Four times a week, New York Times food editor Sam Sifton writes his cooking newsletter to some three million people around the world.

“It’s a practice, almost in the religious sense of the word. Buddhists sit, I write newsletters,” Mr. Sifton said to a rapt audience at the Harbor View Hotel in Edgartown Thursday afternoon.

Cook the Vineyard editor and author Susie Middleton led the wide-ranging, insightful and often funny conversation titled All the Food That’s Fit to Eat. The event was sponsored by the Vineyard Gazette Media Group as part of this weekend’s Martha’s Vineyard Food & Wine Festival.
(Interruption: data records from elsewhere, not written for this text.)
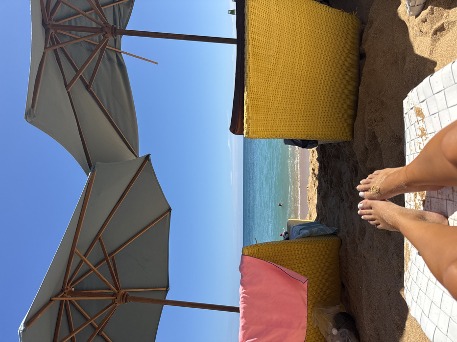 This image presents a first-person perspective of a beach scene at Rumassala, Sri Lanka. In the immediate foreground, a pair of bare, tanned human feet with white-painted toenails are visible, resting on a white, grid-patterned surface. Some sand adheres to the right foot. Directly beyond, two yellow, woven beach chairs or loungers frame the central view towards the ocean. The left chair has a pink towel draped over its back and a plastic bottle positioned near its base. The right chair contains a dark object near its base and additional items on its armrest. Between the chairs, a sandy expanse extends to the water's edge. In the midground, the turquoise-blue ocean is visible with gentle waves breaking on the shore. Two individuals are discernible in the ocean, one further out and another closer to the shoreline. The background is dominated by a clear, cloudless, vibrant blue sky meeting the ocean at a defined horizon. Overhead, partially obscuring the sky, two open grey beach umbrellas with visible wooden structural frames provide shade.
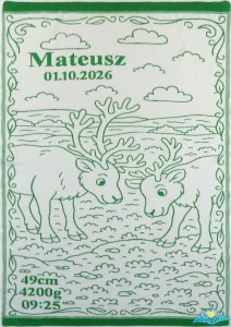 Kocyk z uroczym motywem reniferów, z możliwością dodania personalizacji: imienia, daty urodzenia, wzrostu, wagi oraz dowolnej dedykacji.
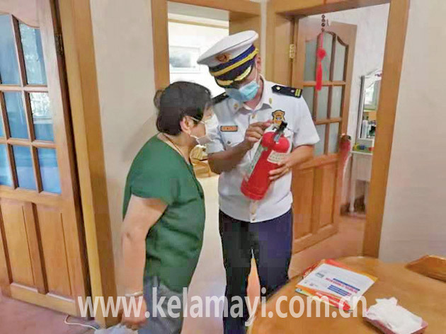 2020年7月30日,時任克拉瑪依區(qū)消防救援大隊大隊長宋學銳給居民贈送消防安全“大禮包”。
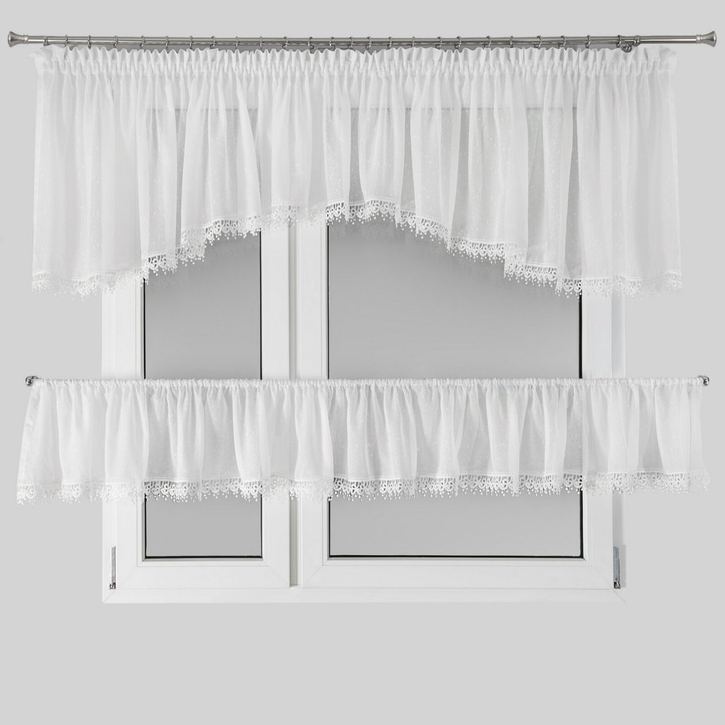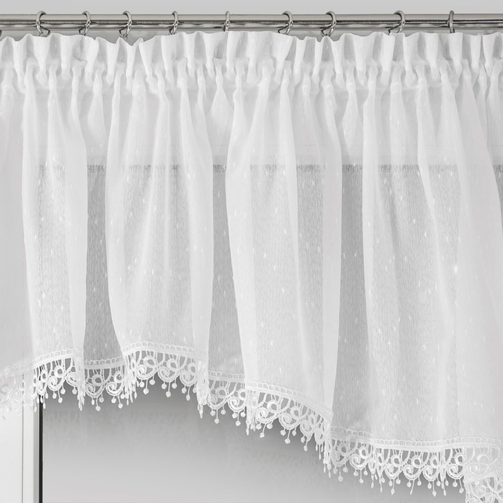 Záclona s ozdobnou krajkou. Šířka: 400 cm, délka: 65 cm, barva: bílá, složení: 100 % polyesterDoplňkové parametry
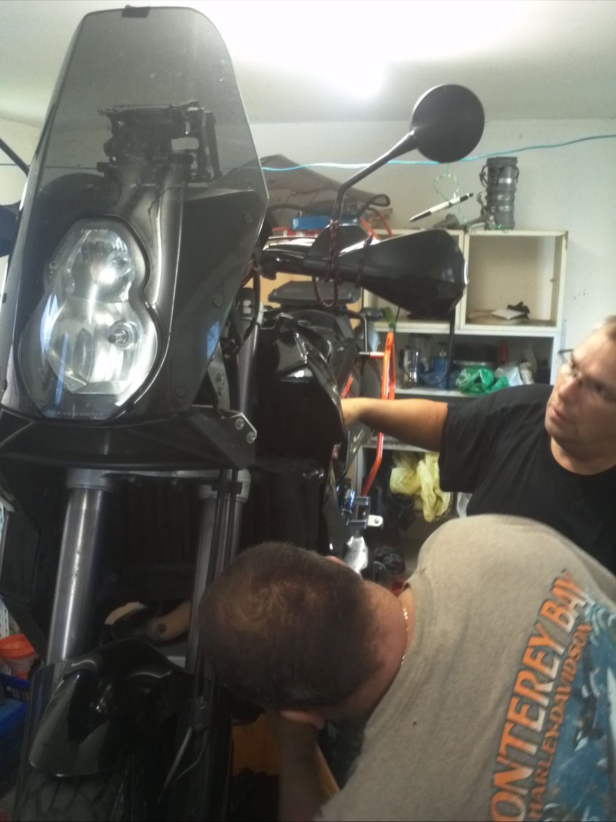 Dank eines sehr guten Freundes und Ex KTM Meisters, haben wir nun gebrauchte gute Ersatzteile gestern Abend bekommen und zu dritt die Kathie in die Mangel genommen. Nach drei Stunden (inklusive dem Selbstbau einer Poltradabziehschraube) schnurrte sie wieder.
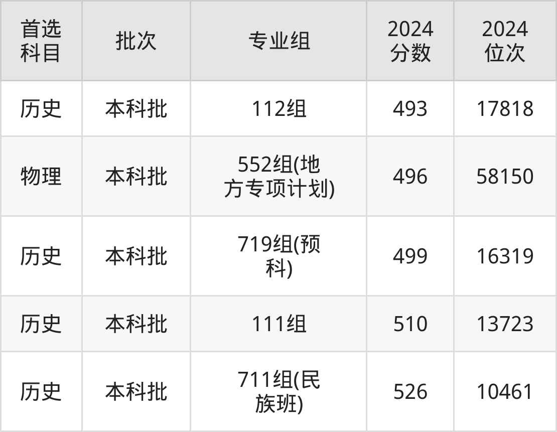 从2024年广西民族大学在广西壮族自治区内的录取分数线来看,本科批录取分数线都在420分以上,录取分数线最高的是711组(民族班),2024年最低分为526分;录取分数线最低的是163组,2024年最低分为420分。
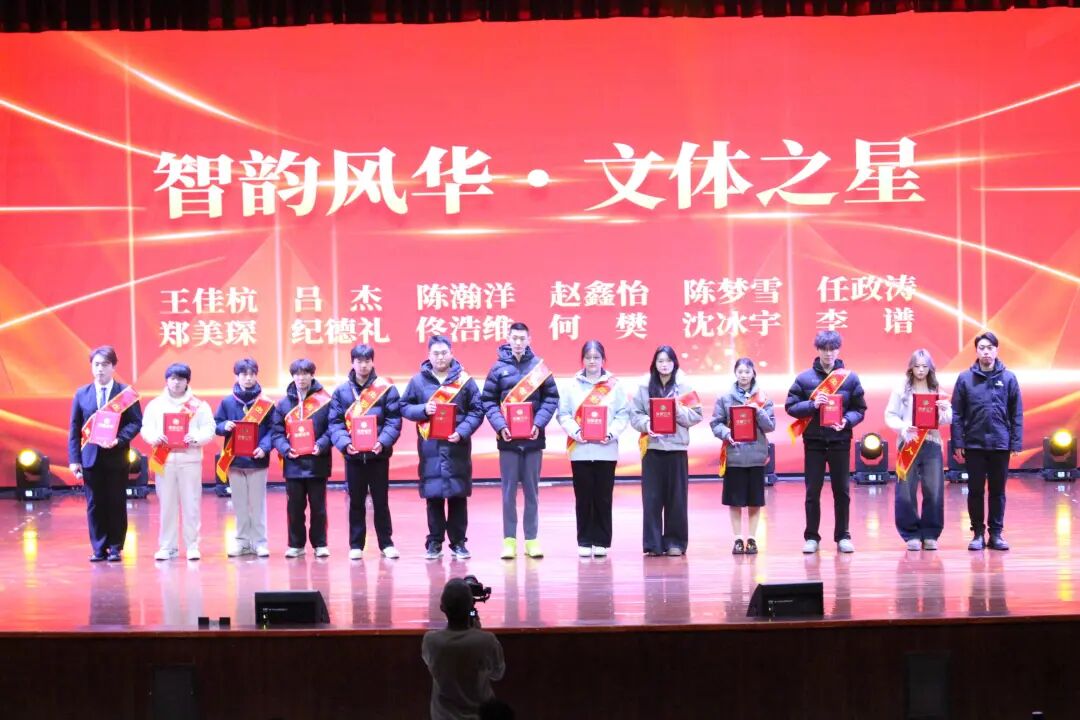 严锦隆、曾钰轩、孙飞、梁宁等老师先后为志愿服务先进个人、“智韵风华・文体之星”“智汇团旗双优”代表、“德智双优领航骨干”代表颁奖。学院54名志愿者全年完成86场次赛事保障服务,覆盖人群超2万人次;文体学子在校级以上赛事斩获31项荣誉,尽显青春风采。汤六狼、姚康、苏楠老师分别为最佳“匠心”“智辅”“筑梦”小班颁奖,肯定班主任助理在班级建设中的重要作用。随后,学院学生会主席仇高伟分享成长感悟,传递学生骨干的责任担当;王佳杭、陈宇同学演唱《逆光》,用旋律诠释逐梦初心。
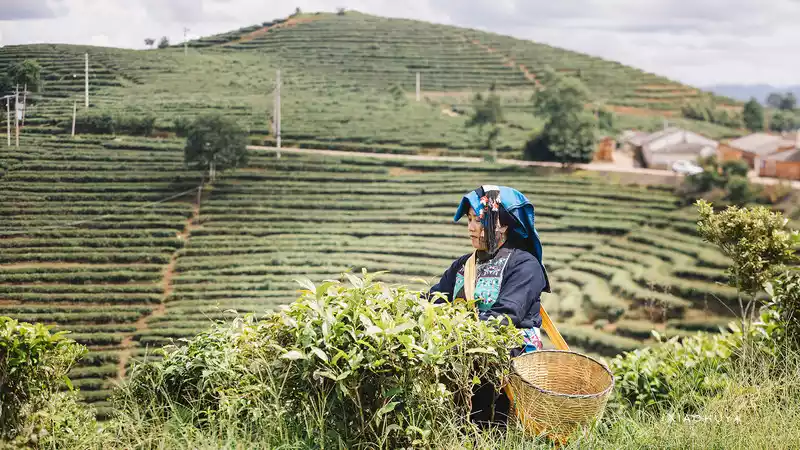 This day is the Torch Festival, the most solemn festival for Yi compatriots, a Yi eldest sister wearing national costumes, picking tea while feeling this wonderland on the clouds. The Yunnan-Guizhou Plateau is the birthplace of tea trees, and for a long time, every time the new tea spits out green, tea farmers on the mountain will work tirelessly to pick the large-leaf tea they are proud of.

Mr. Sifton’s newsletter is just part of his work as editor of NYT Cooking, the subscription-only service he founded that also includes a database of the newspaper’s extensive recipe archive, how-to guides and cooking videos.

Before launching NYT Cooking, Mr. Sifton was the national editor, restaurant critic and culture editor at the New York Times. He is also a columnist for the newspaper’s Sunday magazine.

A packed room full of hungry listeners. — Jeanna Shepard

While only the digital age could have produced NYT Cooking, it has a strictly analog predecessor, created by a man who was the paper’s food editor long before Mr. Sifton was born.

Craig Claiborne’s The New York Times Cookbook, published in 1961, was “a national bestseller at a time when the New York Times was not a national newspaper” and has proved its staying power, Mr. Sifton told the audience.

“I kept running into that cookbook in people’s kitchens,” he said. “So when the chance came to transform the dead article assets of these recipes that we had online into a searchable database, I had a hunch that we might be able to capture that lightning in a bottle a second time—although not a bottle, a phone,” Mr. Sifton added, as the audience laughed.

Online is also where NYT Cooking readers will find a brand-new recipe first, Mr. Sifton said.

“I love [print] dearly, but that’s literally the last place it shows up,” he said.

Still, Mr. Sifton said, “in some ways, the most important thing we do is print the paper and send it out.”

Audience members applauded heartily as he added, “The notion that there is a boat coming here every morning with our newspaper on it, I love that and I will love that until the day I die.”

When choosing recipes to publish on NYT Cooking, Mr. Sifton has to keep a number of things in mind.

“You don’t have to cook with the seasons, but you’re kind of a jerk if you don’t,” he said.

On the other hand, with many of his readers in Australia, Mr. Sifton can’t rely too heavily on “seasonal” recipes. When North Americans are eating summer salads, people in the Southern Hemisphere want hearty stews, he said.

Fortunately, Mr. Sifton said, today’s online retailers can supply home cooks with almost any ingredient, however exotic.

“The idea that you can’t find an ingredient or a condiment or an herb is no longer the case,” he said.

Asked by Ms. Middleton how his news experience has influenced his food work, Mr. Sifton began with his stint as culture editor.

“It’s my belief that restaurant criticism is a form of culture criticism, no different from dance criticism or literary criticism, architecture criticism or the like,” he said.

Thinking as a news editor, on the other hand, he sees a “desire to use cooking and recipes as a way of understanding the world in which we live.”

Writing his email newsletter four times a week “allows me to really think almost every day about our users, and what they are thinking about,” which isn’t always cooking, Mr. Sifton said.

“We don’t eat food in a vacuum,” he said. “When the news is bad, when a terrible thing has happened in the world, our [readership] numbers go up.”

Part of the increase comes from people taking refuge from distressing news, but Mr. Sifton said that for others, “it’s about bringing succor to loved ones, so that at the end of a terrible day ... to gather together and to serve those people is a great thing to do and makes people feel better.”

Mr. Sifton also discussed his upcoming cookbook, See You on Sunday, a follow-up to his book Thanksgiving: How to Cook it Right. The new book is a call for family-style meals, with recipes that can easily be scaled up or down.

“By the way, it doesn’t have to be Sunday. This isn’t a Christian tract,” he said. “It’s an argument in favor of gathering with friends and family on a regular cadence. . . please, more often than just every Thanksgiving.”